--- START ---

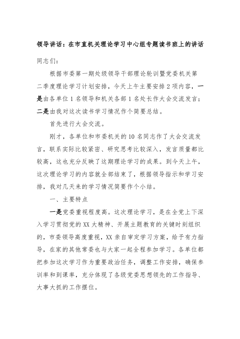 / 领导讲话:在市直机关理论学习中心组专题读书班上的讲话
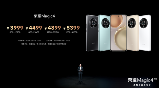售价方面,荣耀Magic4 8GB+128GB版、8GB+256GB、12GB+256GB、12GB+512GB版价格分别为3999元、4499元、4899元、5399元;荣耀Magic4 Pro 8GB+256GB版、12GB+256GB、12GB+512GB版价格分别为5499元、5899元、6499元;荣耀Magic4至臻版12GB+512GB版为7999元,荣耀Earbuds 3 Pro售价899元。
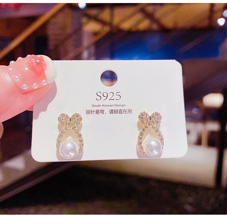 玖维娅925银针珍珠耳环女新款闪钻气质韩国个性简约百搭耳钉新年耳饰品 JYD213珍珠耳钉一对
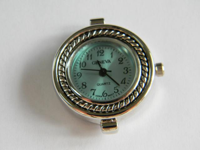 Watch face silver plated round aqua
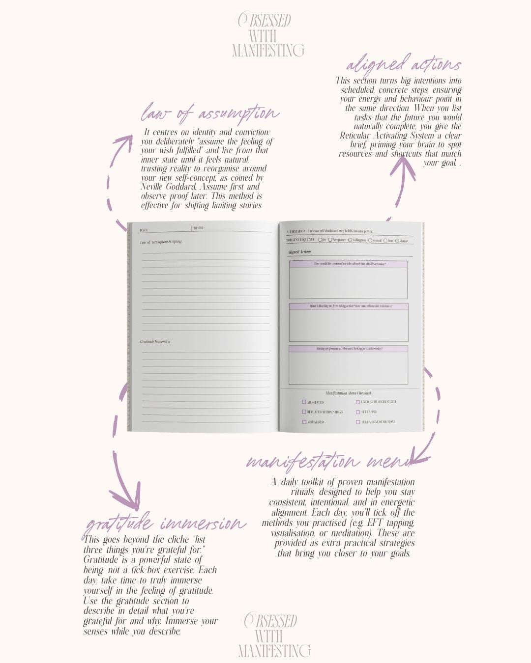 Break free from surface-level manifestation methods with the Obsessed With Manifesting Journal. A results-driven tool for people ready to embody and attract their desires immediately.
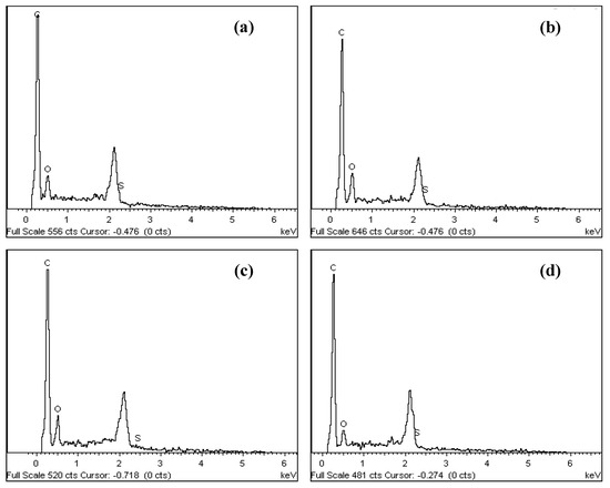The SEM images and elemental arrangement for all the sulfonated products are shown in Figure 3; Figure 4, respectively. As expected, the carbon sheets composed predominantly of polycyclic aromatic species coupling with enormous quantities of SO3H groups, which were similar to images depicted by other researchers [28]. As outlined in Table 1 from the EDX data, PSS-ICG possessed the highest binding content of S element (7.87%) and O (10.85%), followed by HSO3Cl-ICG with content of S element (6.26%) and O (9.82%); NHSO4-ICG; S element (4.51%), O element (36.16%), H2SO4-ICG with S element (1.91 %), O element (33.83%).
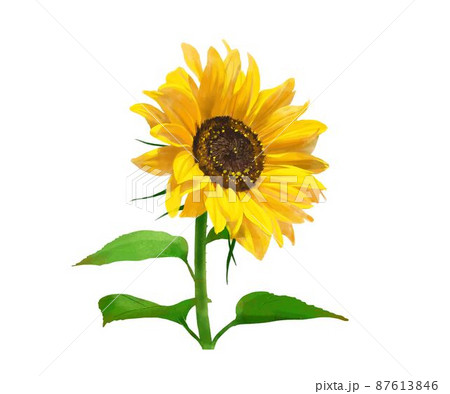 夏の美しいひまわりと葉っぱの白バックイラスト素材
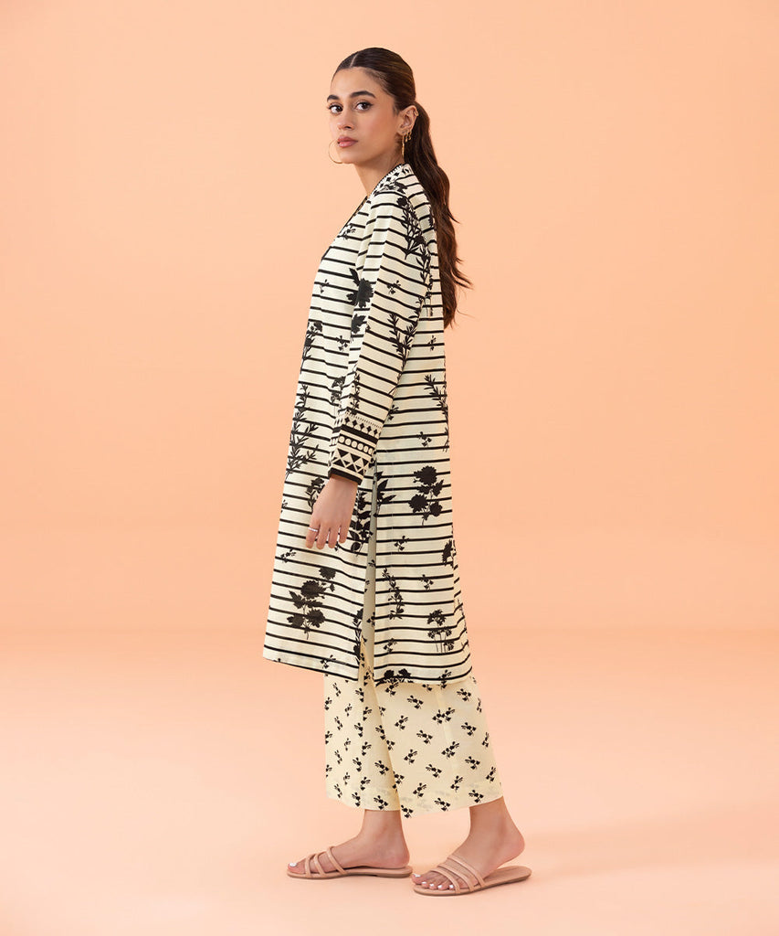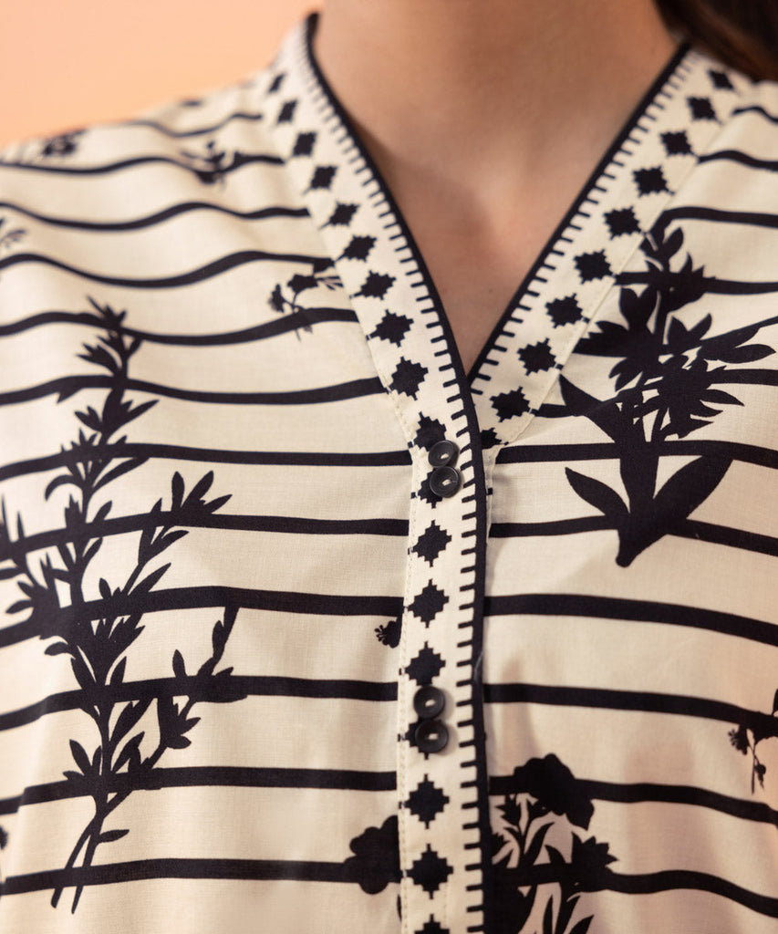 Straight Kurta Our monochrome floral patterned straight silhouette is a must have! Details: Printed Front, Printed B...
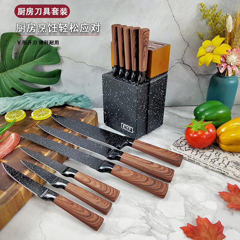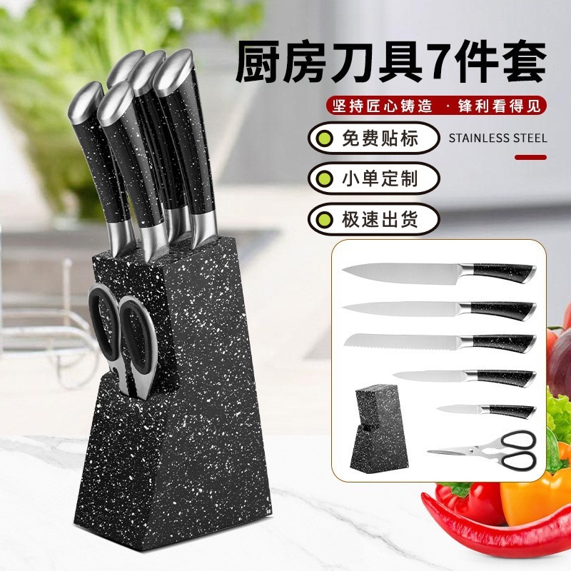 クロスボーダーナイフセット 7点セット キッチンナイフホルダー一式 シェフナイフ ハサミ 中空ハンドル 家庭用ステンレスナイフセット
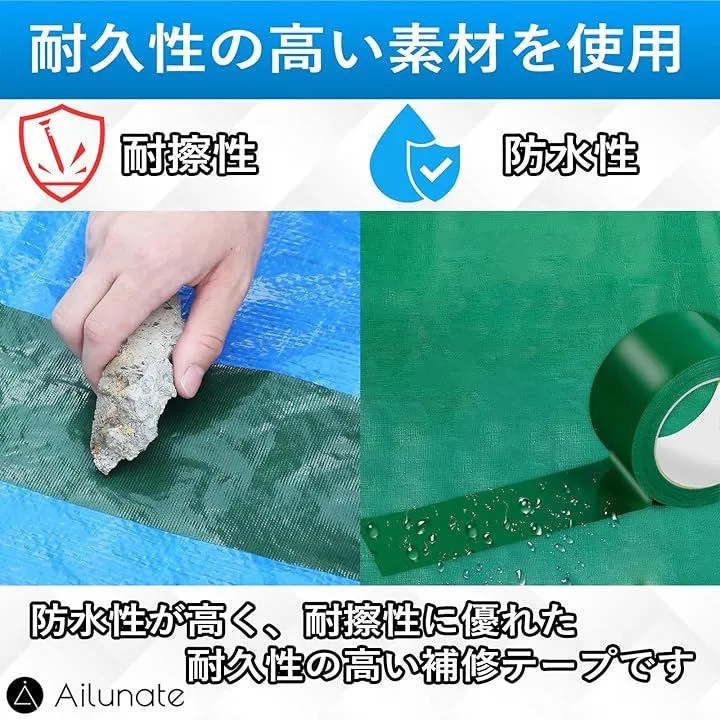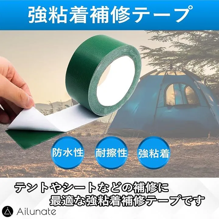 「高い防水性で水に強い」防水性の高い素材を使用しており、雨や水に強く、テントやタープなど屋外で使うアイテムの補修にも最適です。

--- END ---

TRY IT:
Copy the lines above exactly and exclude every image.

ANSWER TO THE PROBLEM:
 / 领导讲话:在市直机关理论学习中心组专题读书班上的讲话
售价方面,荣耀Magic4 8GB+128GB版、8GB+256GB、12GB+256GB、12GB+512GB版价格分别为3999元、4499元、4899元、5399元;荣耀Magic4 Pro 8GB+256GB版、12GB+256GB、12GB+512GB版价格分别为5499元、5899元、6499元;荣耀Magic4至臻版12GB+512GB版为7999元,荣耀Earbuds 3 Pro售价899元。
 玖维娅925银针珍珠耳环女新款闪钻气质韩国个性简约百搭耳钉新年耳饰品 JYD213珍珠耳钉一对
 Watch face silver plated round aqua
 Break free from surface-level manifestation methods with the Obsessed With Manifesting Journal. A results-driven tool for people ready to embody and attract their desires immediately.
The SEM images and elemental arrangement for all the sulfonated products are shown in Figure 3; Figure 4, respectively. As expected, the carbon sheets composed predominantly of polycyclic aromatic species coupling with enormous quantities of SO3H groups, which were similar to images depicted by other researchers [28]. As outlined in Table 1 from the EDX data, PSS-ICG possessed the highest binding content of S element (7.87%) and O (10.85%), followed by HSO3Cl-ICG with content of S element (6.26%) and O (9.82%); NHSO4-ICG; S element (4.51%), O element (36.16%), H2SO4-ICG with S element (1.91 %), O element (33.83%).
 夏の美しいひまわりと葉っぱの白バックイラスト素材
 Straight Kurta Our monochrome floral patterned straight silhouette is a must have! Details: Printed Front, Printed B...
 クロスボーダーナイフセット 7点セット キッチンナイフホルダー一式 シェフナイフ ハサミ 中空ハンドル 家庭用ステンレスナイフセット
 「高い防水性で水に強い」防水性の高い素材を使用しており、雨や水に強く、テントやタープなど屋外で使うアイテムの補修にも最適です。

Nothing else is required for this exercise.